Bir yazarın iki kitabını üst üste okuduğum ender bir durumdur. (Stephen
King’in altmış kitabını üst üste okumuş olmam hariç.) Ancak bu kez Einstein’ın
Düşleri’ni okuduğumda hem kitap kısa olduğu için hem de çok keyifli bir
anlatımı, kurgusu olduğu için tadı damağımda kalmıştı. Bay Tanrı hakkında
okuduğum birkaç yazı da aynı damak tadını bu kitapta da yakalayacağım hissini
verdi ve alıp okudum ben de. İyi de yapmışım.
Hem ilk kitaptan daha uzundu hem anlatımı yine keyifliydi hem de benim
açımdan daha eğlenceliydi. Einstein’ın Düşleri öyle ya da böyle bir takım
karmaşık zaman teorilerine dayandığı için ne kadar basite indirgenerek
hikayeler kurgulanmaya çalışılmış olsa da biraz uzağında kaldığımı hissetmiştim
olan bitenlerin. Hele benim gibi az buçuk da olsa bu zaman teorilerine kafa
yormuş biri değilseniz eminim benden daha da yabancı hissedeceksinizdir
kendinizi Einstein’ın Düşleri’ni okurken. Ama yine de bu kitabı daha önce de
yaptığım gibi okumanızı kesinlikle tavsiye ederim.

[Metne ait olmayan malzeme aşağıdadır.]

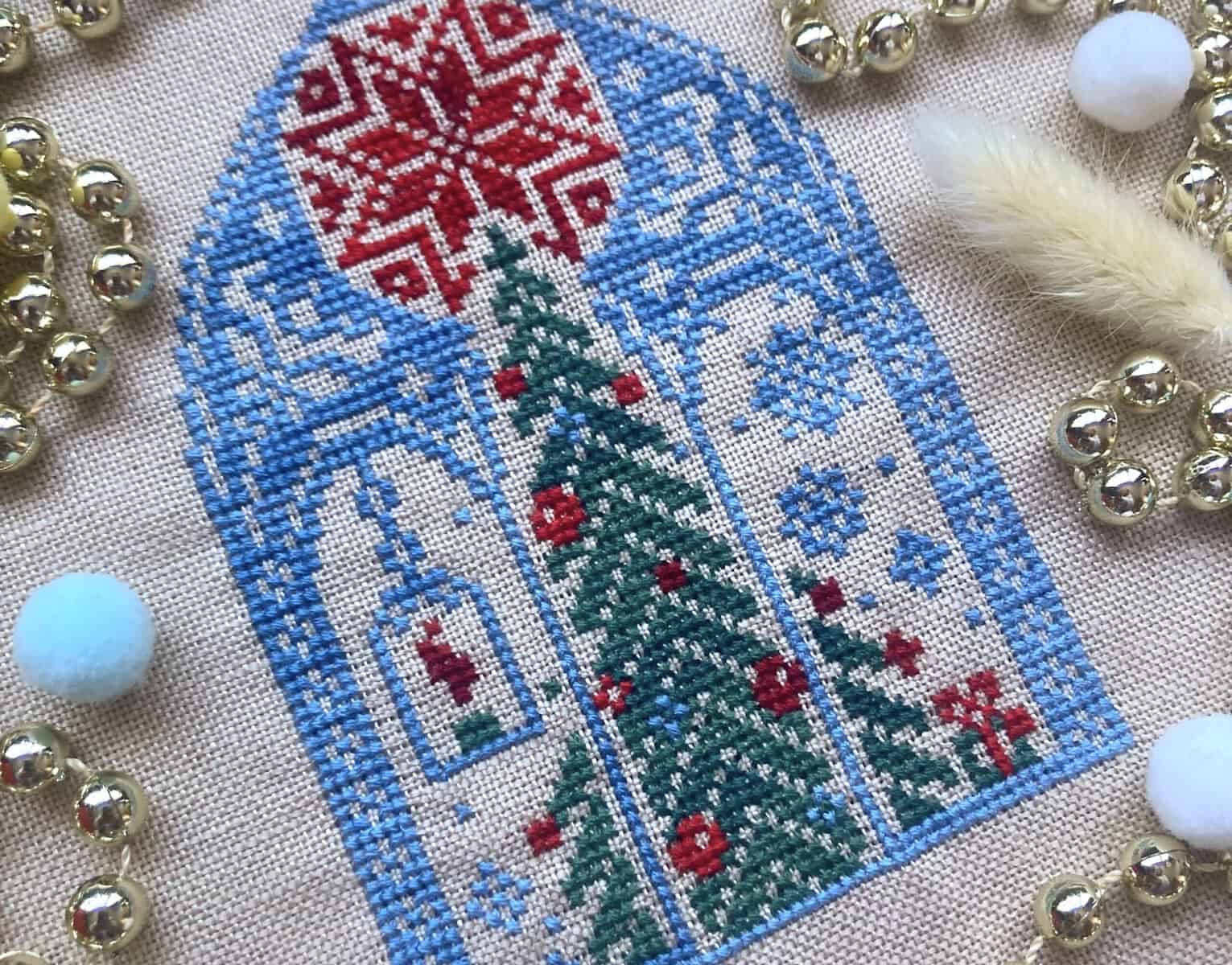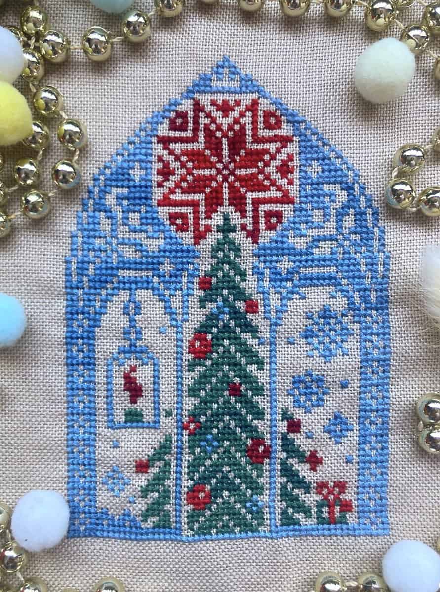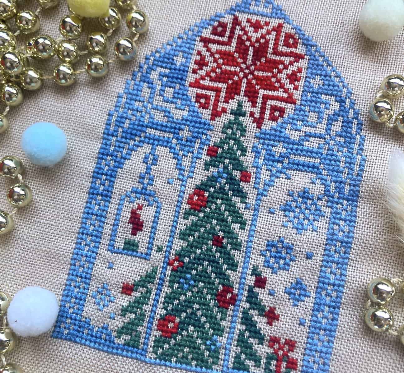 Pattern size: 55 x 77 stitches, three colors (model stitched in Gentle Art Sampler Threads, with DMC conversion)
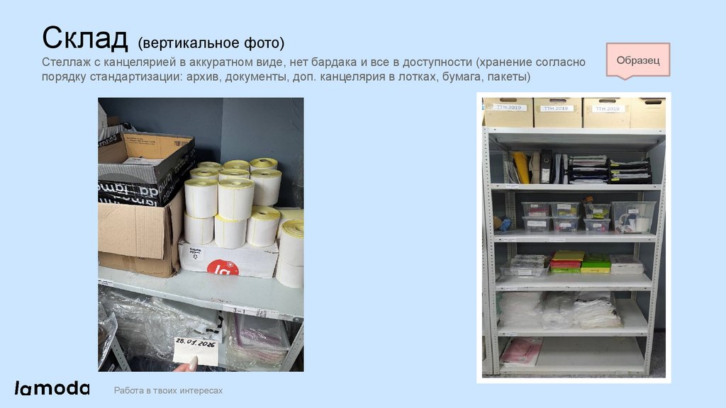 Склад (вертикальное фото)Стеллаж с канцелярией в аккуратном виде, нет бардака и все в доступности (хранение согласно

Gelelim Bay Tanrı’ya... Orijinal adı ‘Mr g’ olan bu kitap Türkçe adından
kolayca anlaşılabileceği gibi tanrıyı anlatıyor. Belki ‘Bay t’ olarak
çevrilseymiş daha iyi olurmuş gibi geldi şu anda bunları yazarken. Neyse. Ama
tanrıyı anlatırken bunu ciddi bir şekilde yapmıyor tabii ki. Diğer sözünü
ettiğim kitabında olduğu gibi bunda da keyifli bir Italo Calvino havası hakim.
Öncelikle kitapta hikayesi anlatılan tanrı dünya dinlerinde yer alan tek
tanrıdan ilham alınarak yaratıldıysa da aslında başka bir tanrı gibi görünüyor.
Bir kere onun Boşluk’ta kendisiyle birlikte yaşayan Deva Enişte’si ve Penelope
Hala’sı var. Tamam belki bu bir gerçektir ve bizim din kitaplarımızda
açıklanmamış olabilir ama bana pek de mantıklı gelmedi. Gerçi yarattığı
Alem-104729 (Aalam-104729) isimli evden de bizim evrenimize çok benziyor. Aynı
fiziksel kurallar geçerli. Akıllı, gelişmiş canlılar var ama onlar insan
değiller. Başka galaksilerdeki başka gezegenlerde yaşıyorlar. Bizim
galaksimizden hiç bahsedilmiyor kitapta ama bu başka gezegenlerde yaşananlar da
bizimkinde yaşananlara çok benziyor doğrusunu isterseniz.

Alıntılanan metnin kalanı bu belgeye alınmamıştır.